PROBLEM DETAILS:
Set down the data below in full and exactly, minus the pictures.

EXERCISE DATA:
+-------+
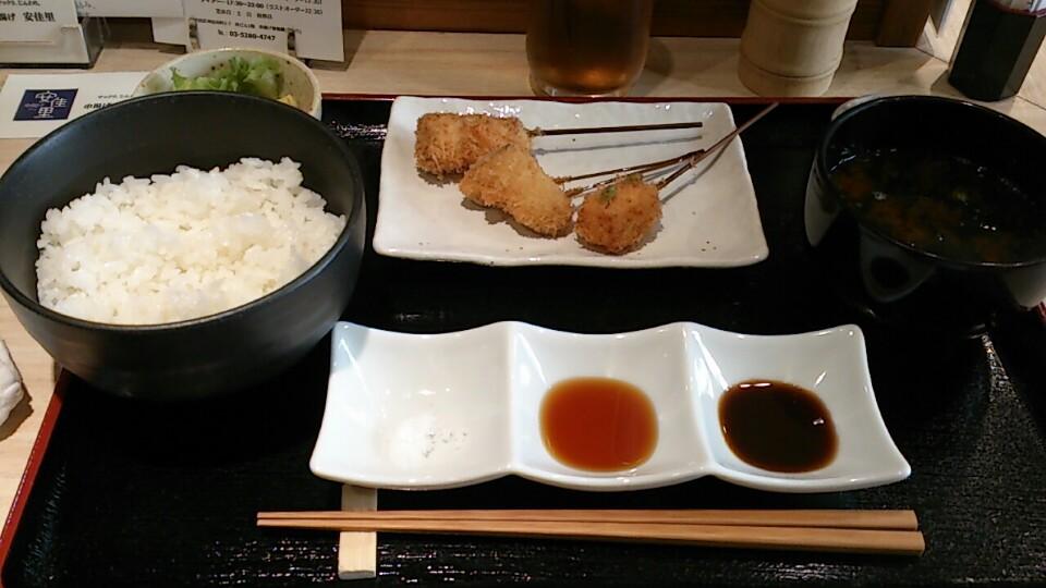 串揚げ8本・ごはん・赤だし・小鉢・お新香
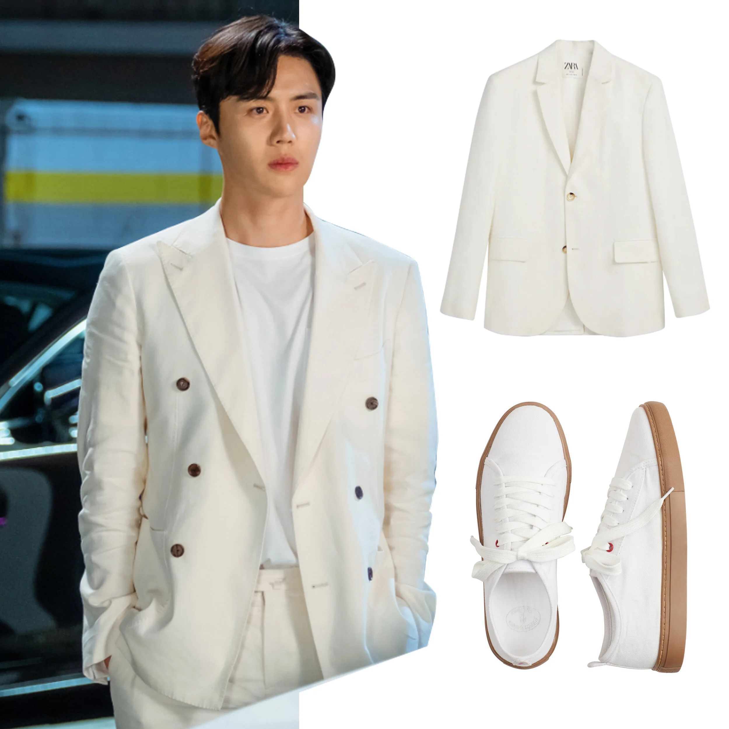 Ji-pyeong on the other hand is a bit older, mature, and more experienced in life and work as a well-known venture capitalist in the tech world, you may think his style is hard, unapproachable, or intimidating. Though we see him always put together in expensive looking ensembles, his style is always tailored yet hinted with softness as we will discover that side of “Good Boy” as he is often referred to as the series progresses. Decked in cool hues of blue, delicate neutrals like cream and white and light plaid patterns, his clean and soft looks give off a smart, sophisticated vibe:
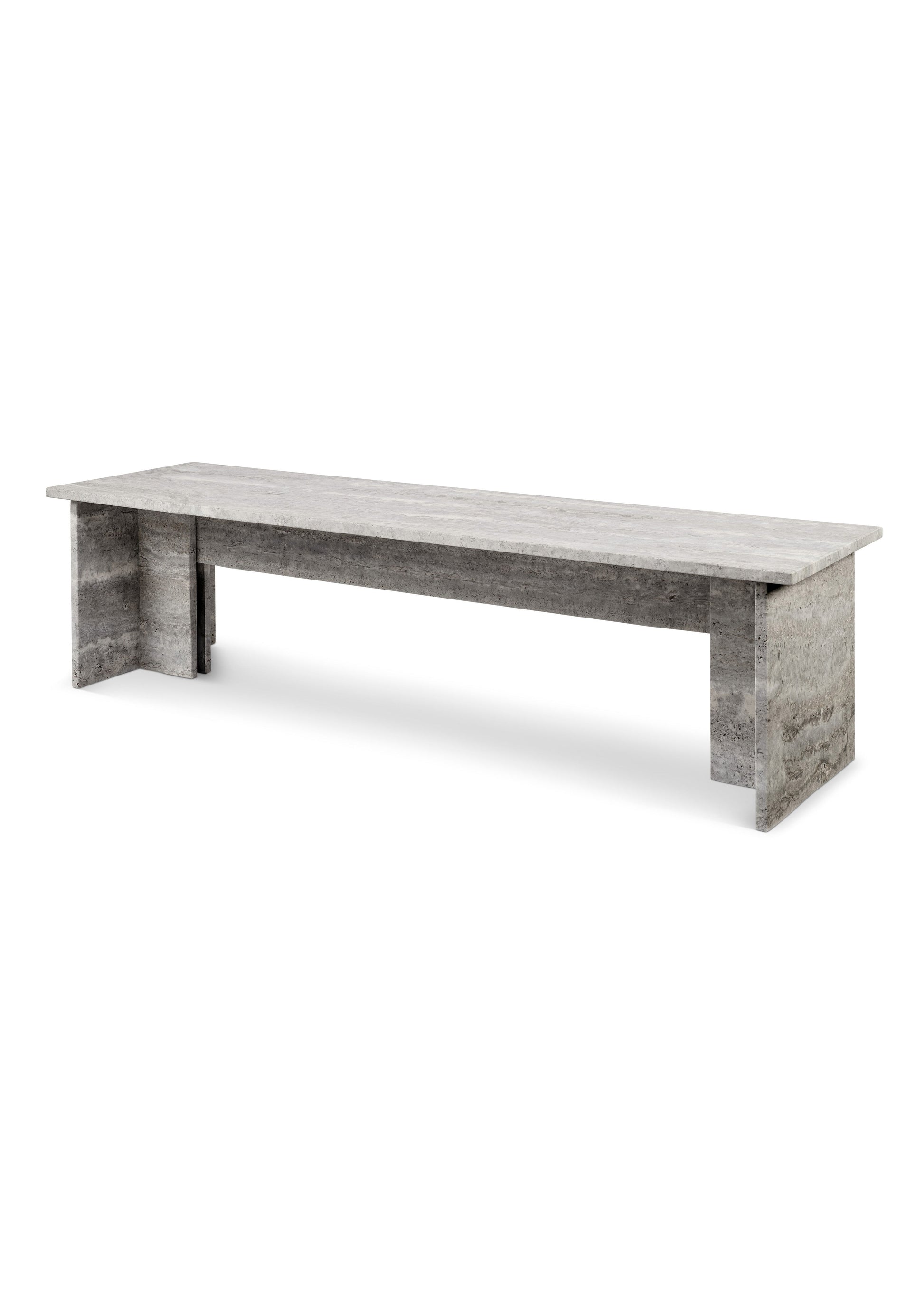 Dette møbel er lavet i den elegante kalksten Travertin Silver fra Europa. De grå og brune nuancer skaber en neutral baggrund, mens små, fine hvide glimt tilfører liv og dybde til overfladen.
+-------+
RESPONSE TO THIS TASK:
 串揚げ8本・ごはん・赤だし・小鉢・お新香
 Ji-pyeong on the other hand is a bit older, mature, and more experienced in life and work as a well-known venture capitalist in the tech world, you may think his style is hard, unapproachable, or intimidating. Though we see him always put together in expensive looking ensembles, his style is always tailored yet hinted with softness as we will discover that side of “Good Boy” as he is often referred to as the series progresses. Decked in cool hues of blue, delicate neutrals like cream and white and light plaid patterns, his clean and soft looks give off a smart, sophisticated vibe:
 Dette møbel er lavet i den elegante kalksten Travertin Silver fra Europa. De grå og brune nuancer skaber en neutral baggrund, mens små, fine hvide glimt tilfører liv og dybde til overfladen.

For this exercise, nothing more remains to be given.